As former chairs of the House Republican and Democratic campaign committees, we understand the pressures of election year politics. Candidates tend to avoid unpleasant topics, exaggerate differences, and make promises intended to reward constituencies with new benefits or tax breaks that would seemingly improve their lives.
But underlying all of this, once the dust from the electoral battle has cleared, is the existential crisis the country faces with the growing national debt.
The Treasury Department recently announced that the U.S. gross national debt exceeds $35 trillion and continues to grow at a rapid and unsustainable rate per month.
To put this in context, the ratio of debt to Gross Domestic Product, the most reliable barometer of fiscal health, is 122 percent which is higher than all but a dozen other countries in the world, and the highest peacetime ratio in U.S. history. Moreover, the rhetoric of this year’s presidential campaigns would widen this ratio if turned into policy.
It was not long ago, when one of us retired from Congress, that the debt to GDP ratio was merely 35 percent, and that was while we were fighting wars in the Middle East. Now, we have a budget where more money is spent on interest on the national debt, paying bondholders from all over the world, than on national defense. And, because much of the U.S. debt is short term, when bonds become due, they are refinanced at even higher interest rates.
We know this won’t end well. We just don’t know when it won’t end well. It is the equivalent of a person jumping off a 100-story building and, while tumbling down to the 30th floor, saying to themselves, “so far, so good.”
This is not a partisan issue, and it demands a bipartisan solution. Generations of politicians from both parties have found it unrewarding to raise taxes or cut programs, so they take the easier path of running up the debt and passing the cost on to the next generation.
Between tax cuts, major spending increases, and recession and COVID responses, this debt now threatens the dollar as the world currency and turns the inevitable crash into a game of political musical chairs, hoping the day of reckoning will be on someone else’s watch.
To give a larger perspective, if spending for all federal agencies were zeroed out, America would still be running a deficit of several hundred billion dollars. Think of it. No money for defense, no Department of Education, no FBI, no CIA, no money for food stamps, no federal spending on cancer research — and we’re still heavily in hock, with Republicans and Democrats recommending more expenditures and tax relief.

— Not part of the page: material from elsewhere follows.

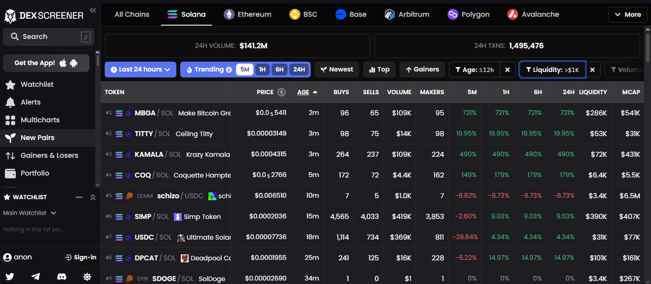 Для поиска монет я использую платформу Dexscreener, потому что она, как по мне, очень удобна и практична, а самое главное, что здесь наименьшая вероятность попадания на скам или раг (rugpull - потеря ликвидности). Здесь необходимо настроить фильтры, лично я использую "Last 5 minutes", "Trending 5m".

It’s clear that voters have deprioritized the issue because good candidates respond to what they hear on the trail, and elected officials closely monitor what topics people in their respective districts care about. It drives their legislative priorities. It’s hard to remember but, in the no-too-distant past, holding the line on spending and producing a balanced budget were among those priorities.

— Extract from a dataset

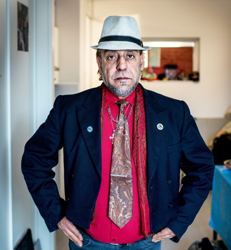 Rachid (54) draagt een bordeauxrood pak met bijpassende stropdas en een subtiel zijden sjaaltje. ,,Een beetje kleur op deze grijze dag kan geen kwaad.” Een flink deel van zijn woonkamer, in een beschermd wonen locatie van LIMOR, wordt in beslag genomen door een kledingkast waarin alle kledingstukken zorgvuldig zijn opgevouwen. Op de vloer naast de bank prijkt een uitgebreide collectie schoenen. Rachid past zijn kleding graag aan op de stemming van de dag.

The turn-of-the century party platforms were dueling displays of anti-debt fervor. Republicans called for a “constitutional amendment to require a balanced budget” (2000) and “the creation of a line-item veto” under which all savings from the line-item veto “would be used for deficit reduction” (2004). Not to be outdone, Democrats promised to “balance the budget every year” (2000) and “restore commonsense budget rules…like ‘Pay-As-You-Go’ rules that require the government to pay for new initiatives” (2004).
This year, staring down the barrel of a very predictable (and much worse) fiscal calamity, the word “debt” is entirely missing from the Republican platform and deficit appears once — regarding our trade deficit. The draft document released by the Democratic National Committee in July has a little more to say on the national debt, with nods to reducing the deficit. However, relief from student loan debt owed to the government gets a lot more attention than the $35 trillion the government owes others.
We’ve seen and been part of more campaigns than we can count. We’ve witnessed voters rally around an issue and make it central to a campaign. So, we urge you, whether at campaign events or by other means, to tell candidates and sitting members of Congress that they must take action to start digging us out of this hole. We hold our future, and those of our children and grandchildren, in the balance.
Cheri Bustos represented Illinois’s 17th District from 2013 to 2023. She was chair of the Democratic Congressional Campaign Committee from 2019-2021. Tom Davis represented Virginia’s 11th District from 1995-2008. He was chair of the National Republican Congressional Committee from 1998 to 2002.